→ TASK BRIEF
What needs reproducing is the run of lines in the data below starting at the line with "Daphne, a beautifully-presented, end-terrace" and ending at the line with "Canvalight® DIA Leuchtbild", both ends included. Copy it exactly, without pictures, and add nothing.

→ RECORDS FOR THIS EXERCISE
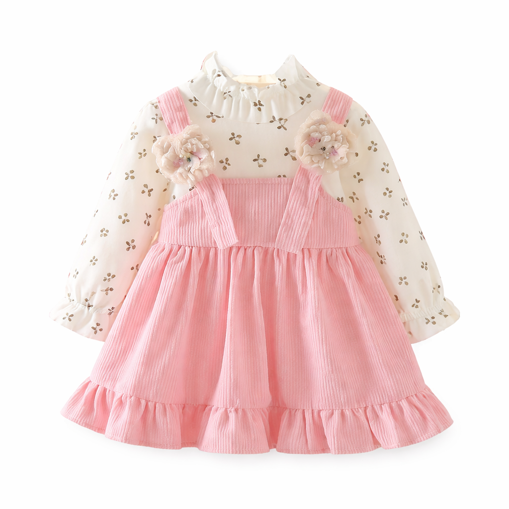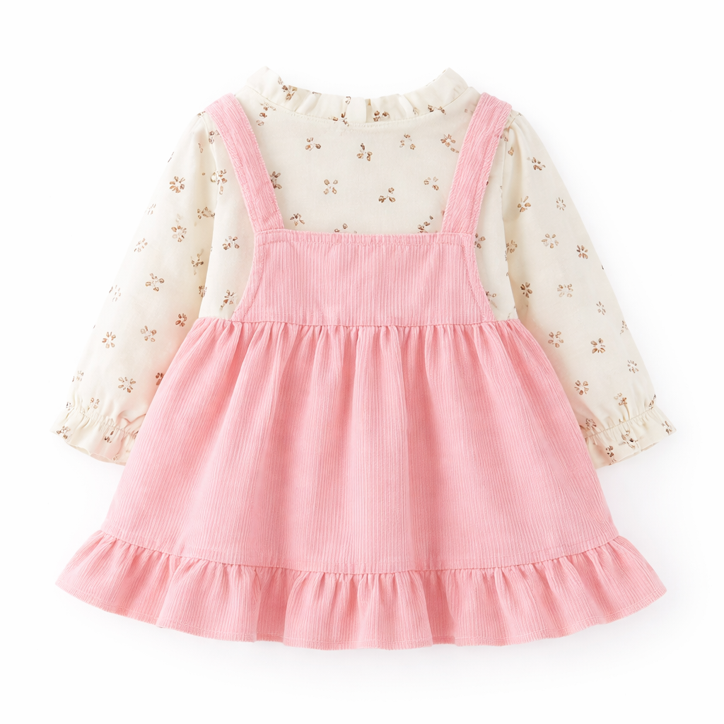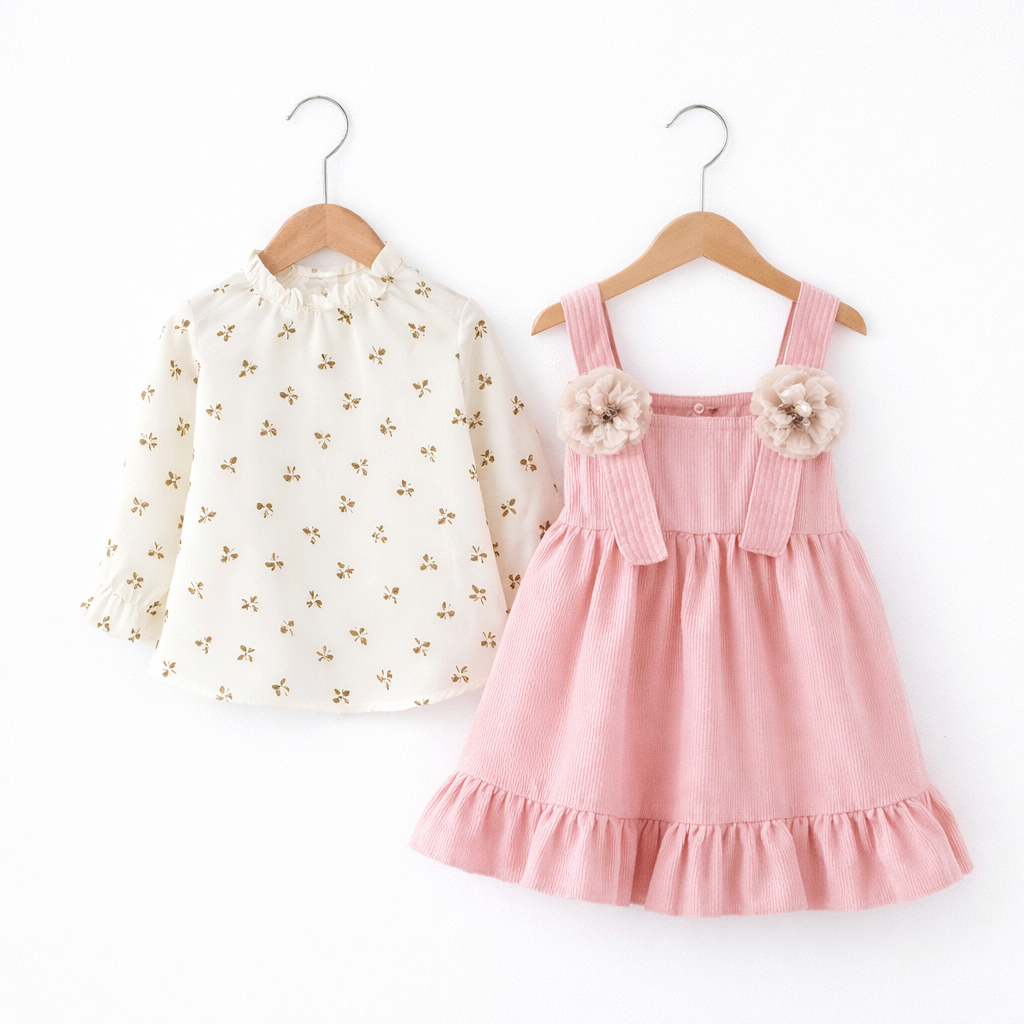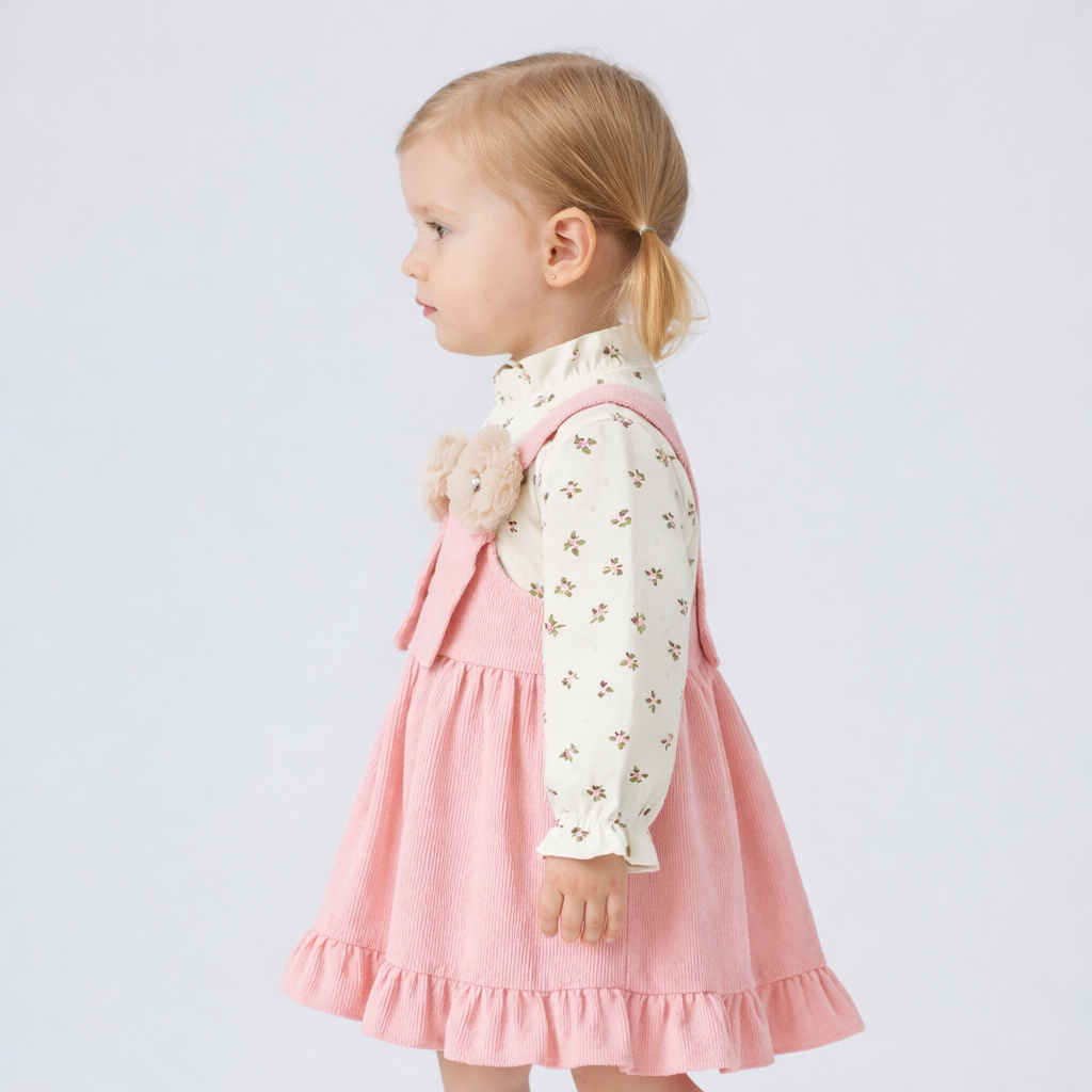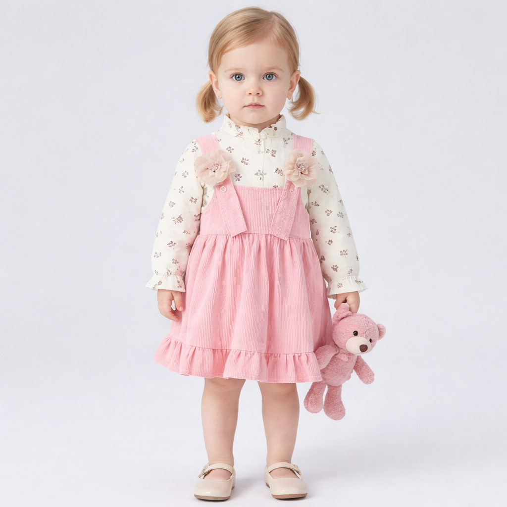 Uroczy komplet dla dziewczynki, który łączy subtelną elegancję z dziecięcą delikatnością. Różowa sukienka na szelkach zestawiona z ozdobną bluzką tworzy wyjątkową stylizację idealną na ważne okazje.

...

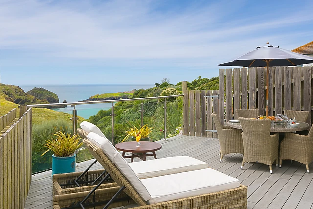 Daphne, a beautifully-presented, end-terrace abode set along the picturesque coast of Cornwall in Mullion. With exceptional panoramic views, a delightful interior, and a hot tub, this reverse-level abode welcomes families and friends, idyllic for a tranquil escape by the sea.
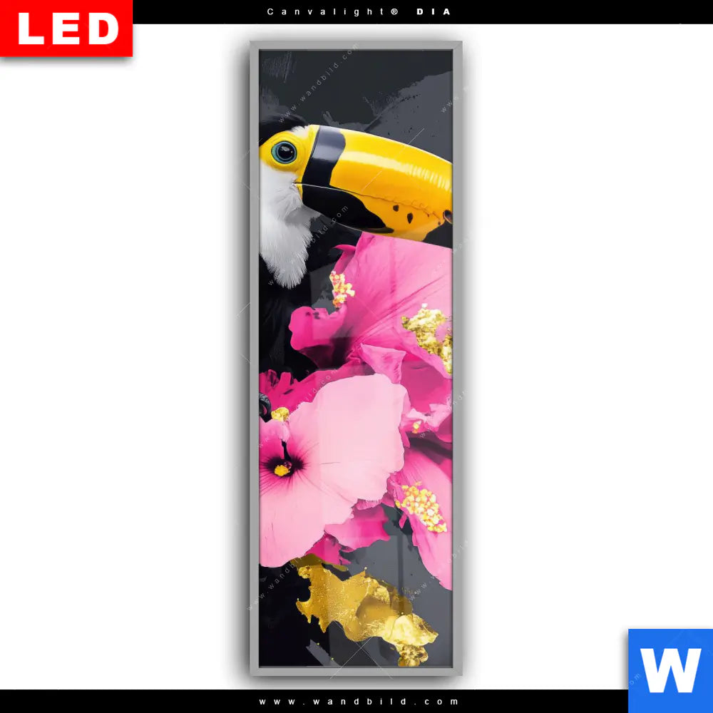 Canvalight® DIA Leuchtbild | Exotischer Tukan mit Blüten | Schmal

→ FINISHED EXERCISE
 Daphne, a beautifully-presented, end-terrace abode set along the picturesque coast of Cornwall in Mullion. With exceptional panoramic views, a delightful interior, and a hot tub, this reverse-level abode welcomes families and friends, idyllic for a tranquil escape by the sea.
 Canvalight® DIA Leuchtbild | Exotischer Tukan mit Blüten | Schmal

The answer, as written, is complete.